§ **TO DO**
Copy exactly, beginning with the line holding "为表彰先进、树立榜样,学院经" and ending with the final line of the data beneath this task; copy nothing else, and leave out every picture.
━━━ PROVIDED DATA
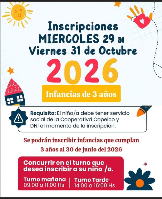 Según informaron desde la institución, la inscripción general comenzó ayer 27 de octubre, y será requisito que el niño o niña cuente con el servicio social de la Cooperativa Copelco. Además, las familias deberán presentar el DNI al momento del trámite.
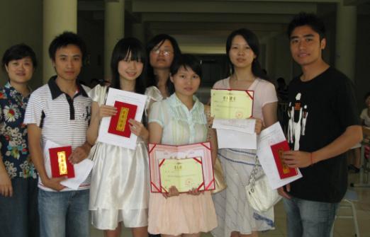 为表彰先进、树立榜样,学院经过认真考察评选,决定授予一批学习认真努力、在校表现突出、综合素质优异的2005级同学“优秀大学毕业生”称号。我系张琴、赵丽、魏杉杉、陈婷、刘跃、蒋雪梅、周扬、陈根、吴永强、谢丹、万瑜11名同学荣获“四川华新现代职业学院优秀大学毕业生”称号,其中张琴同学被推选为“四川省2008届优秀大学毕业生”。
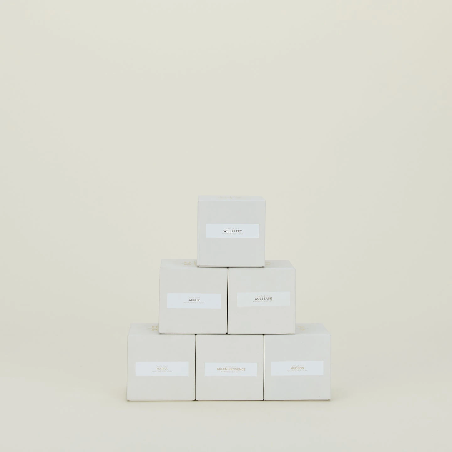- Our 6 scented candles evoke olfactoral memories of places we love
━━━━━━
§ **EXERCISE SOLUTION**
 为表彰先进、树立榜样,学院经过认真考察评选,决定授予一批学习认真努力、在校表现突出、综合素质优异的2005级同学“优秀大学毕业生”称号。我系张琴、赵丽、魏杉杉、陈婷、刘跃、蒋雪梅、周扬、陈根、吴永强、谢丹、万瑜11名同学荣获“四川华新现代职业学院优秀大学毕业生”称号,其中张琴同学被推选为“四川省2008届优秀大学毕业生”。
- Our 6 scented candles evoke olfactoral memories of places we love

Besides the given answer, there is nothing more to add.